» EXERCISE: Write the records out exactly, so that no picture remains in the copy.

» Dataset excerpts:
Segment Open

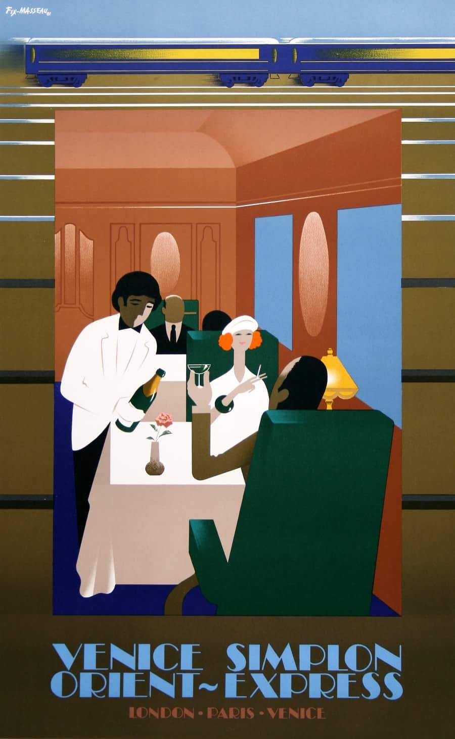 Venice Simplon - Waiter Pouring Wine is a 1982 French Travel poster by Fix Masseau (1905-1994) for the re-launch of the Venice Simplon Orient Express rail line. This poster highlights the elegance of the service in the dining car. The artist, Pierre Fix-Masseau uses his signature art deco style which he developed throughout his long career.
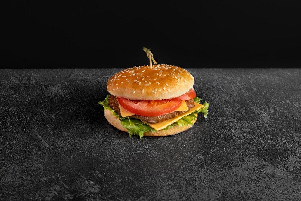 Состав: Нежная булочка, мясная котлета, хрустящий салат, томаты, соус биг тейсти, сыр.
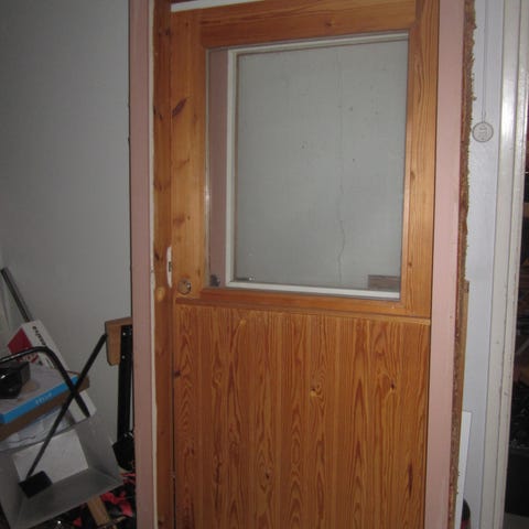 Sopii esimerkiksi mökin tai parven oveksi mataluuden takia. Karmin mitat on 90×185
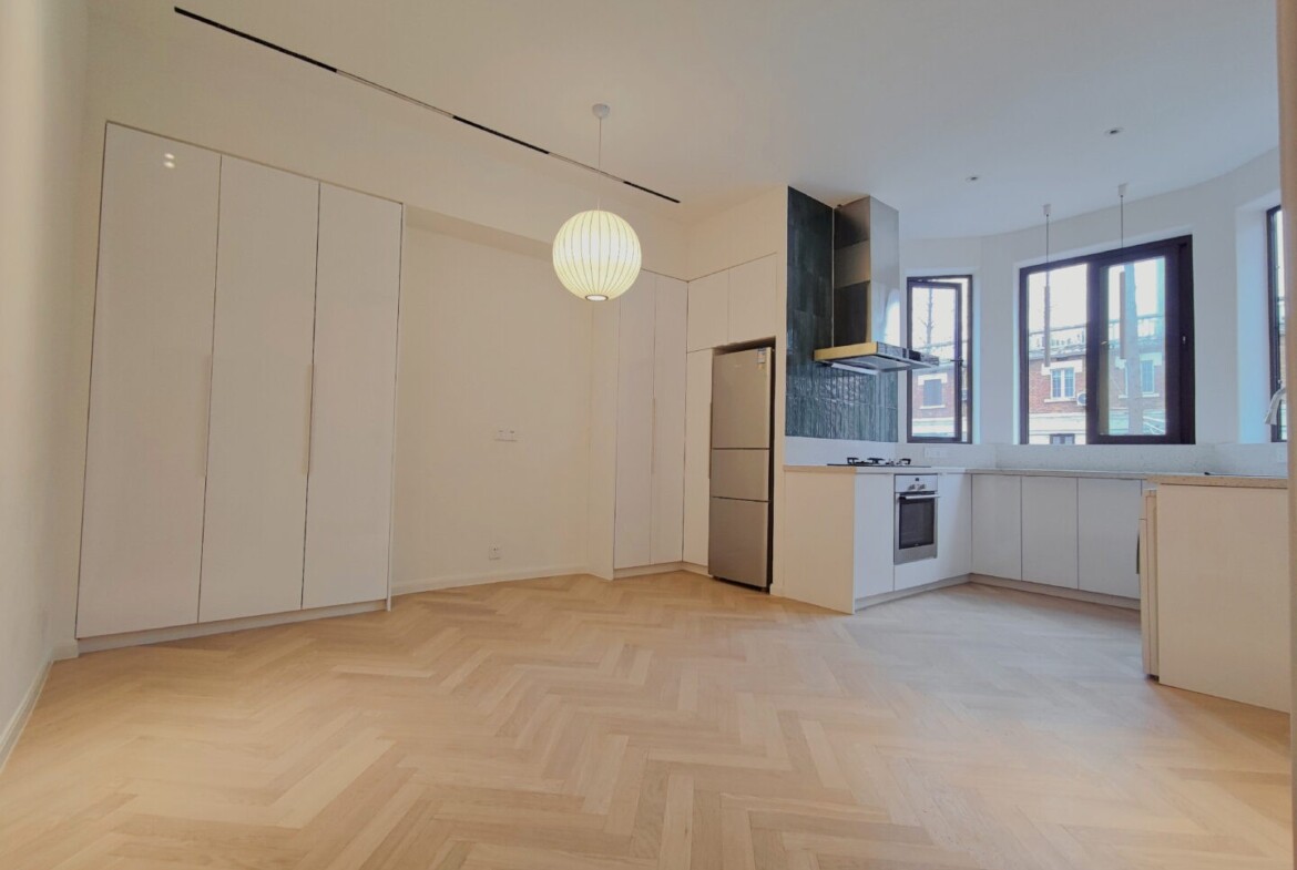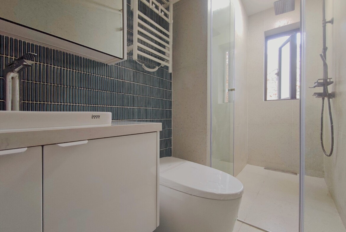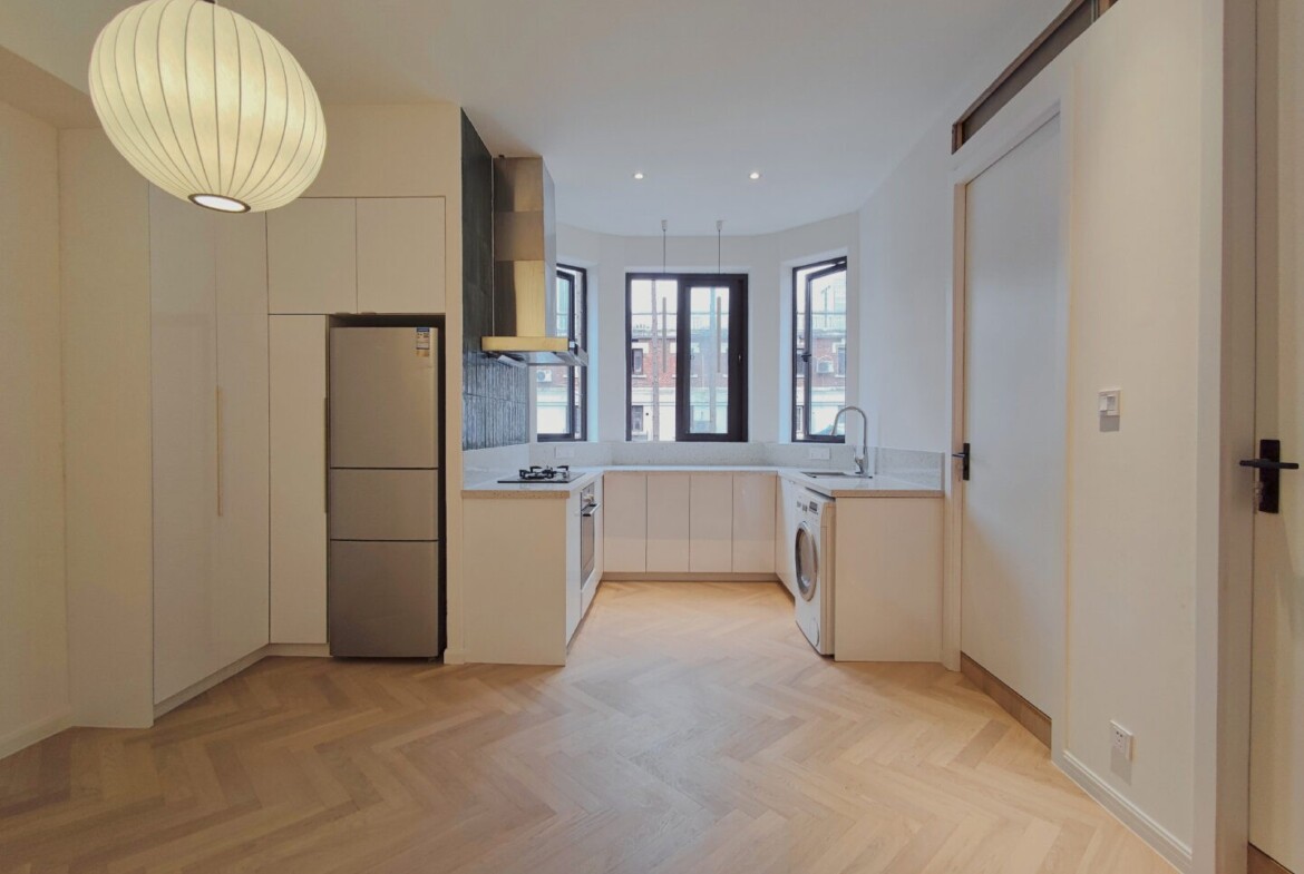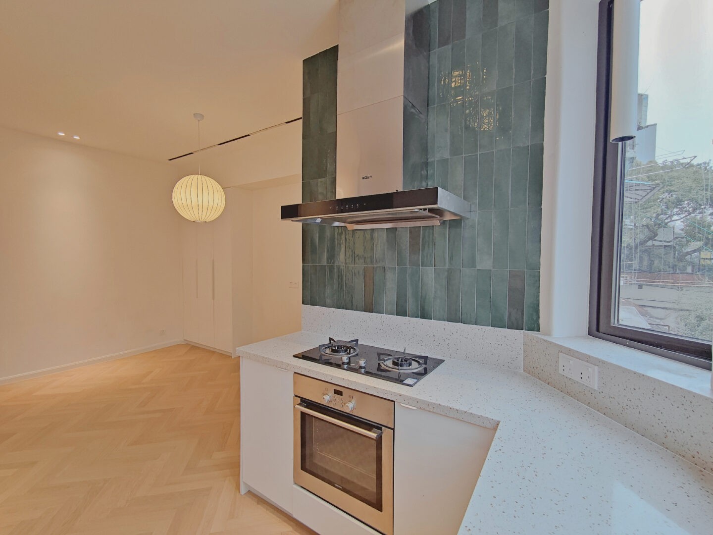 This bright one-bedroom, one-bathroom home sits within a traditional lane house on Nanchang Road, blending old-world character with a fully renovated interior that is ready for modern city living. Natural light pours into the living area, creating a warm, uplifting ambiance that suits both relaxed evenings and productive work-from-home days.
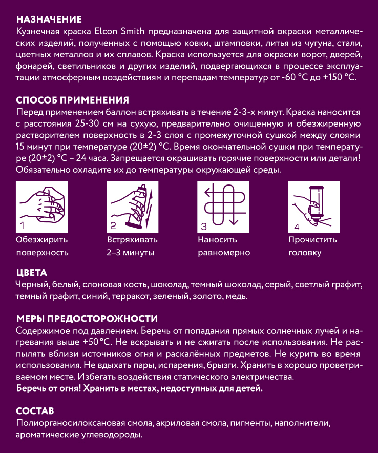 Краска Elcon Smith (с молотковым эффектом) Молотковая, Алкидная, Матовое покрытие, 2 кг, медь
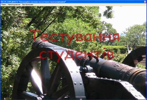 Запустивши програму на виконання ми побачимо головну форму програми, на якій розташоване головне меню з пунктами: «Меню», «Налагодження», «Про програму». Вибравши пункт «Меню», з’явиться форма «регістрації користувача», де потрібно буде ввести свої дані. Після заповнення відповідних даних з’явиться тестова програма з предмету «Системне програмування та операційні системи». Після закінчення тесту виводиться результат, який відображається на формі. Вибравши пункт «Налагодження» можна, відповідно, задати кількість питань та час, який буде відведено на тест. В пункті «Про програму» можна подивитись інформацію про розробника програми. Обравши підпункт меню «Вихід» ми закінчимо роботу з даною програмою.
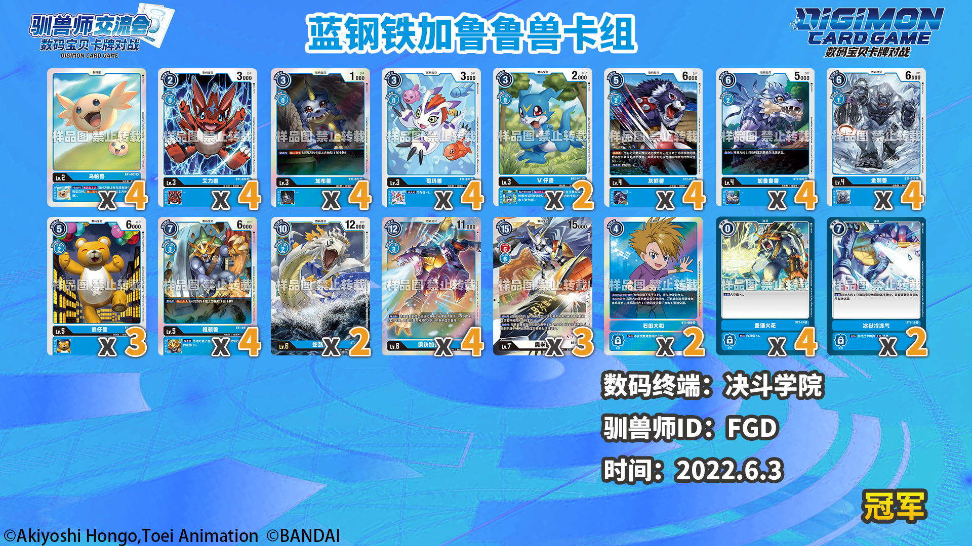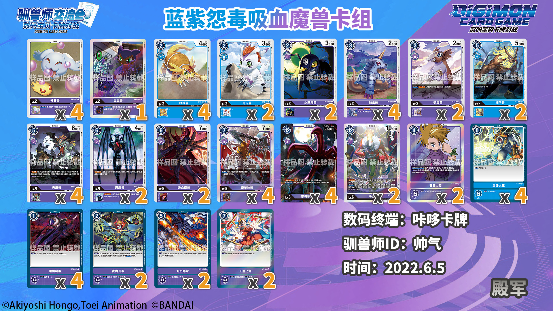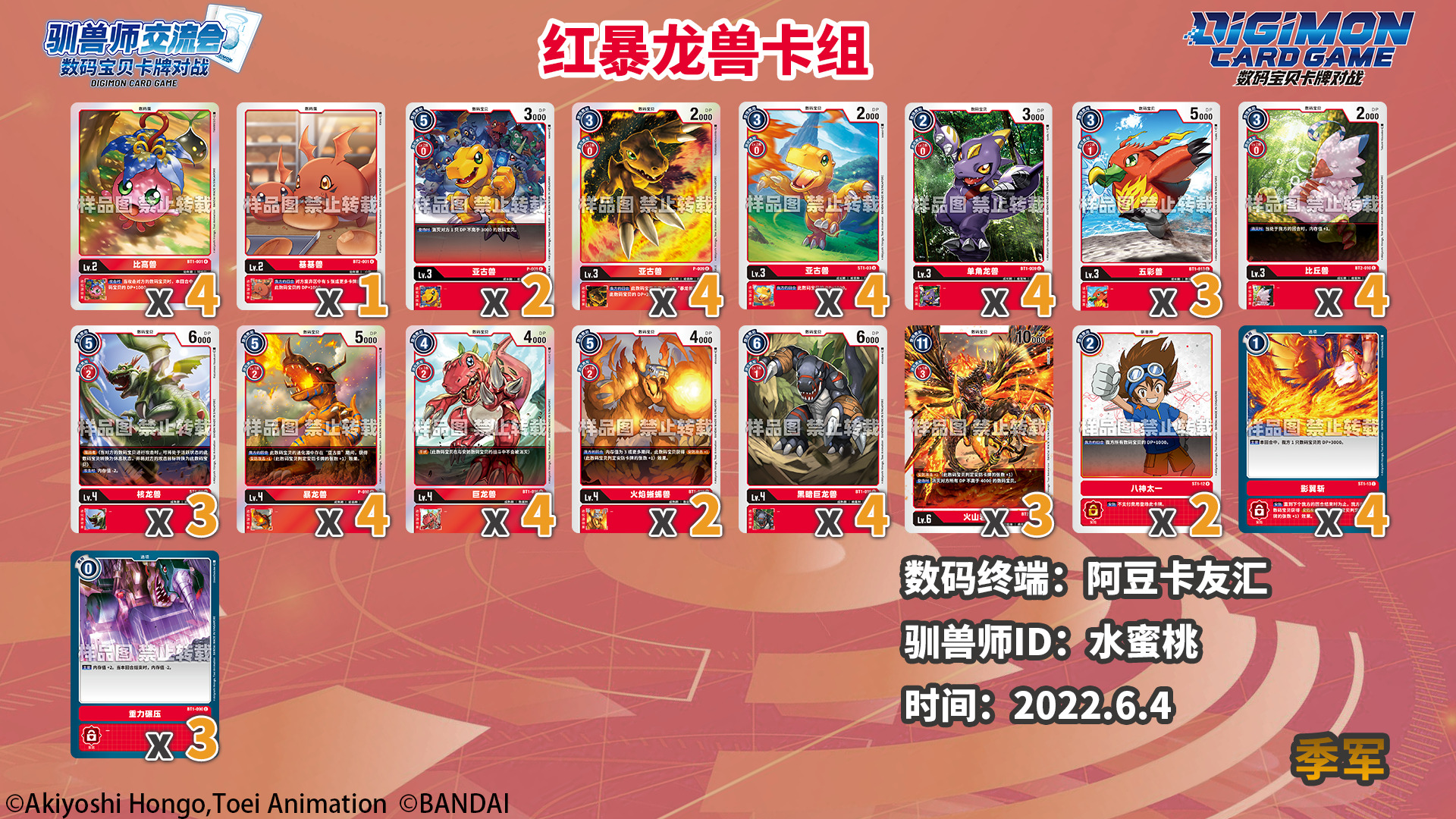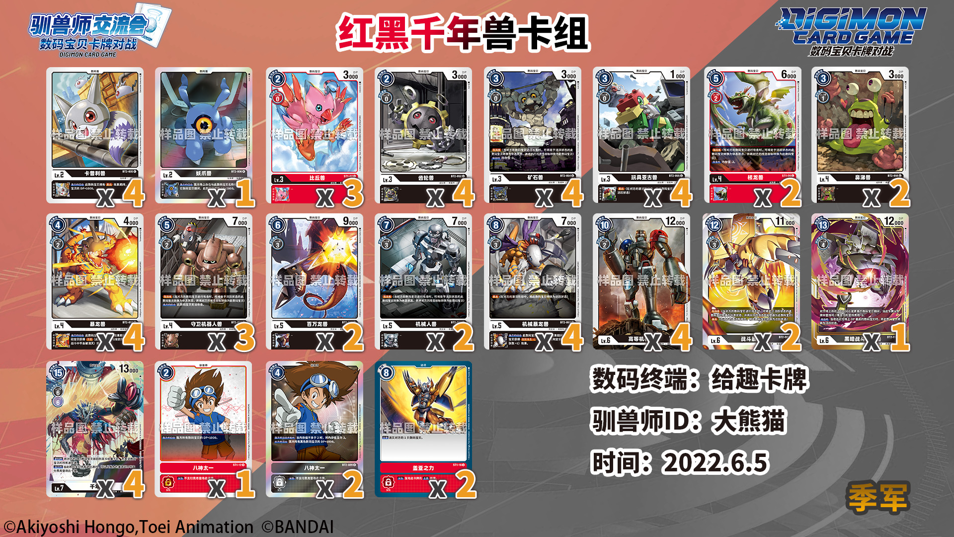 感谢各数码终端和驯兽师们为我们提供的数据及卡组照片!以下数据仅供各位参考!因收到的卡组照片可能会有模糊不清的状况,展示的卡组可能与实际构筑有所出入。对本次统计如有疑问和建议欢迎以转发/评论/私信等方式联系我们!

Segment Closed

» SOLUTION FOR THIS EXERCISE:
 Venice Simplon - Waiter Pouring Wine is a 1982 French Travel poster by Fix Masseau (1905-1994) for the re-launch of the Venice Simplon Orient Express rail line. This poster highlights the elegance of the service in the dining car. The artist, Pierre Fix-Masseau uses his signature art deco style which he developed throughout his long career.
 Состав: Нежная булочка, мясная котлета, хрустящий салат, томаты, соус биг тейсти, сыр.
 Sopii esimerkiksi mökin tai parven oveksi mataluuden takia. Karmin mitat on 90×185
 This bright one-bedroom, one-bathroom home sits within a traditional lane house on Nanchang Road, blending old-world character with a fully renovated interior that is ready for modern city living. Natural light pours into the living area, creating a warm, uplifting ambiance that suits both relaxed evenings and productive work-from-home days.
 Краска Elcon Smith (с молотковым эффектом) Молотковая, Алкидная, Матовое покрытие, 2 кг, медь
 Запустивши програму на виконання ми побачимо головну форму програми, на якій розташоване головне меню з пунктами: «Меню», «Налагодження», «Про програму». Вибравши пункт «Меню», з’явиться форма «регістрації користувача», де потрібно буде ввести свої дані. Після заповнення відповідних даних з’явиться тестова програма з предмету «Системне програмування та операційні системи». Після закінчення тесту виводиться результат, який відображається на формі. Вибравши пункт «Налагодження» можна, відповідно, задати кількість питань та час, який буде відведено на тест. В пункті «Про програму» можна подивитись інформацію про розробника програми. Обравши підпункт меню «Вихід» ми закінчимо роботу з даною програмою.
 感谢各数码终端和驯兽师们为我们提供的数据及卡组照片!以下数据仅供各位参考!因收到的卡组照片可能会有模糊不清的状况,展示的卡组可能与实际构筑有所出入。对本次统计如有疑问和建议欢迎以转发/评论/私信等方式联系我们!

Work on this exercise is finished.